■ WHAT THIS TASK INVOLVES ■
Your answer must restate the listing below word for word and contain no images.

■ AVAILABLE DATA ■
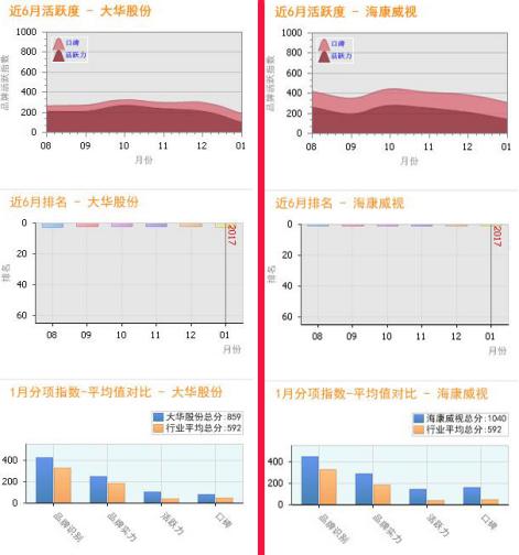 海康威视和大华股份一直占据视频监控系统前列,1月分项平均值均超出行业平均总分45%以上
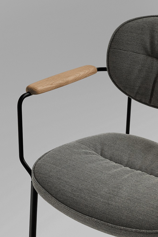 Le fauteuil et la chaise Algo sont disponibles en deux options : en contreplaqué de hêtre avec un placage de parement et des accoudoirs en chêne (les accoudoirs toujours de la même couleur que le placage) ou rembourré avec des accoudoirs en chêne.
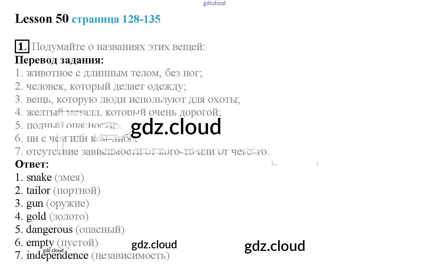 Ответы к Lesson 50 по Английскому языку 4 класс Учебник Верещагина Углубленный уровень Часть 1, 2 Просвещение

■ REPLY TO THE TASK ■
 海康威视和大华股份一直占据视频监控系统前列,1月分项平均值均超出行业平均总分45%以上
 Le fauteuil et la chaise Algo sont disponibles en deux options : en contreplaqué de hêtre avec un placage de parement et des accoudoirs en chêne (les accoudoirs toujours de la même couleur que le placage) ou rembourré avec des accoudoirs en chêne.
 Ответы к Lesson 50 по Английскому языку 4 класс Учебник Верещагина Углубленный уровень Часть 1, 2 Просвещение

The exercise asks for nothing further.